▸ EXERCISE
Although the listing below holds pictures, reproduce only its lines from the one containing "Men's Plaid Letter Round Neck T-Shirt" through the last, exactly and without them.

▸ INFORMATION SHOWN
────────────────────────────────────────
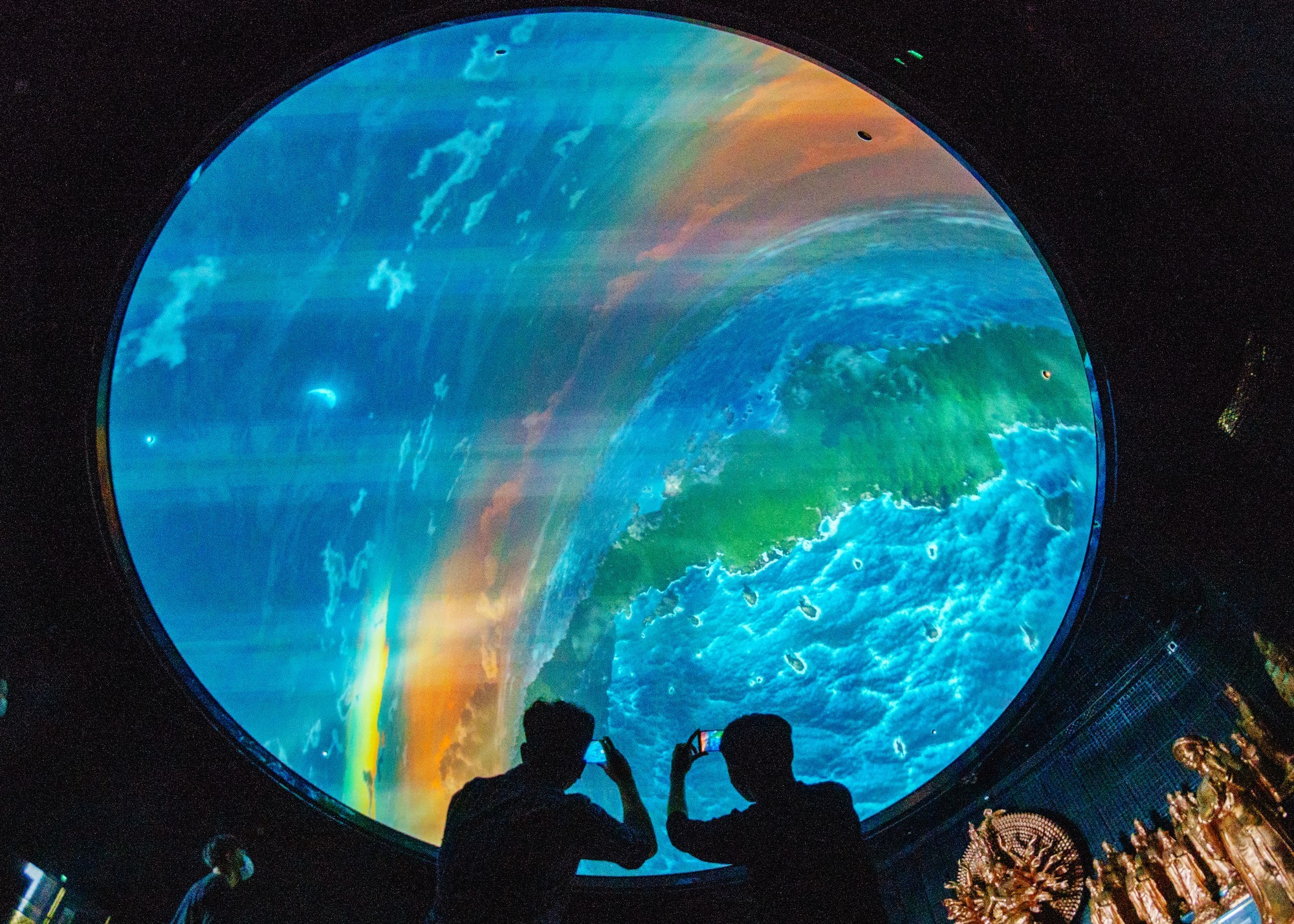 Tại đây, du khách sẽ được khám phá thế giới Phật giáo thông qua nhiều ứng dụng công nghệ hiện đại tại khu triển lãm Phật giáo ở khối đế 4 tầng dưới chân đại tượng Phật. Tại tầng 1, công nghệ chiếu phim video mapping với các thiết bị trình chiếu, âm thanh hiện đại hàng đầu thế giới sẽ là hành trình khám phá vũ trụ độc đáo dưới góc nhìn Phật giáo. Tầng 2 là nơi trưng bày mô hình 16 ngôi chùa cổ nổi tiếng tại Việt Nam thông qua 16 thiết bị trình chiếu Hologram hiện đại, tạo ra ảnh ba chiều lơ lửng trong không khí. Tầng 3 là không gian trưng bày các phiên bản mô phỏng những tác phẩm nghệ thuật Phật giáo kinh điển của Việt Nam và thế giới. Tầng 4 nơi lưu giữ và trưng bày xá lợi Phật được các cao tăng Myanmar trao tặng tổ đình Vĩnh Nghiêm và được tổ đình cúng dường Tượng Phật bà Tây Bổ Đà Sơn.
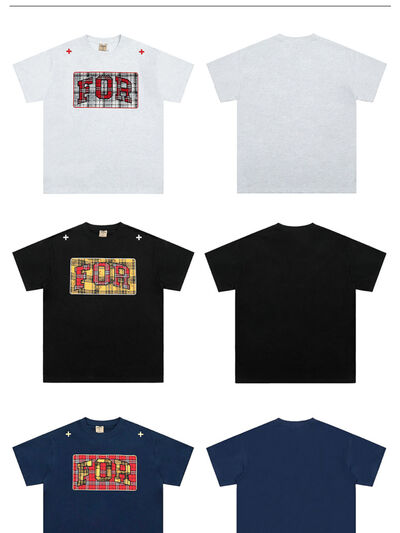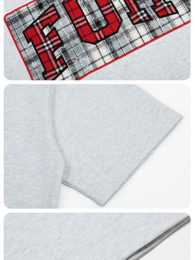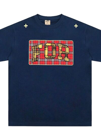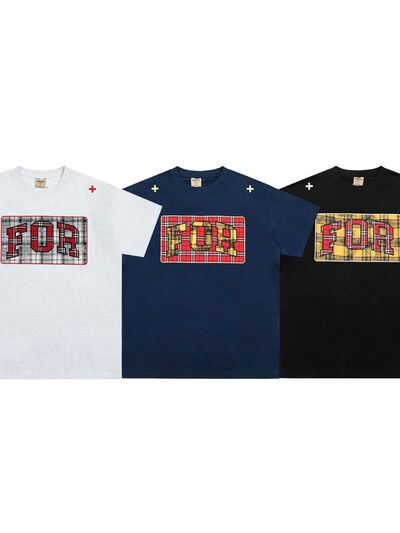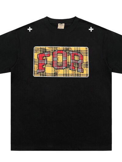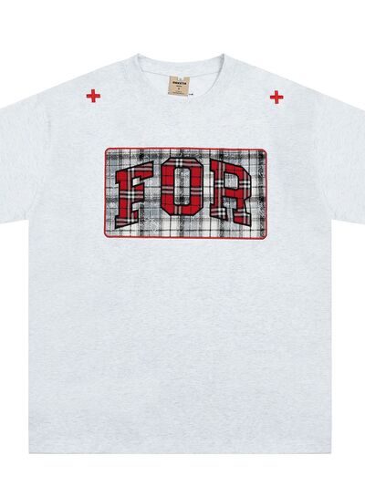 Men's Plaid Letter Round Neck T-Shirt
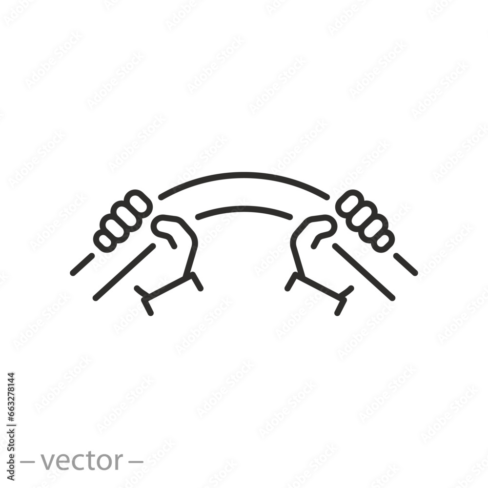 Tableau sur toile tube bending icon, pipe bend in hands, thin line symbol on white background - ed
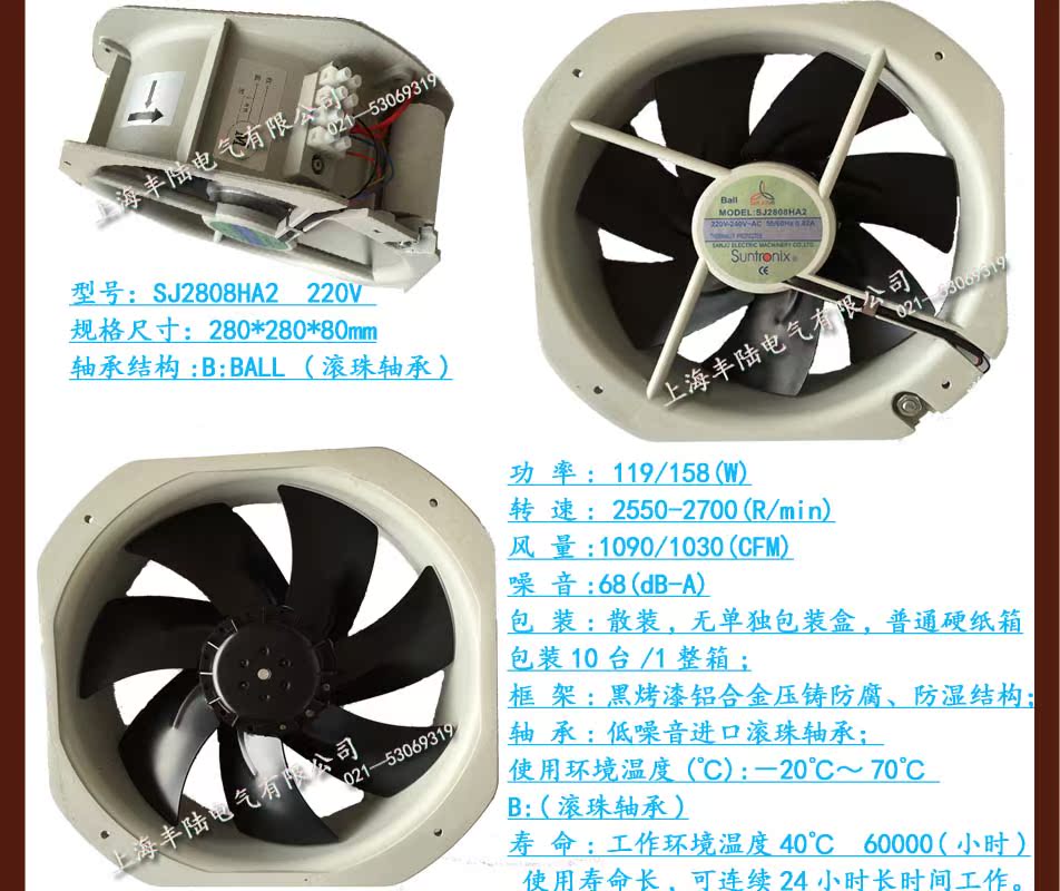 Brand new Taiwan Three-giant SJ2808HA2B AC220V dual ball bearing axial flow fan full metal heat dissipation fan
────────────────────────────────────────
▸ TASK RESULT
 Men's Plaid Letter Round Neck T-Shirt
 Tableau sur toile tube bending icon, pipe bend in hands, thin line symbol on white background - ed
 Brand new Taiwan Three-giant SJ2808HA2B AC220V dual ball bearing axial flow fan full metal heat dissipation fan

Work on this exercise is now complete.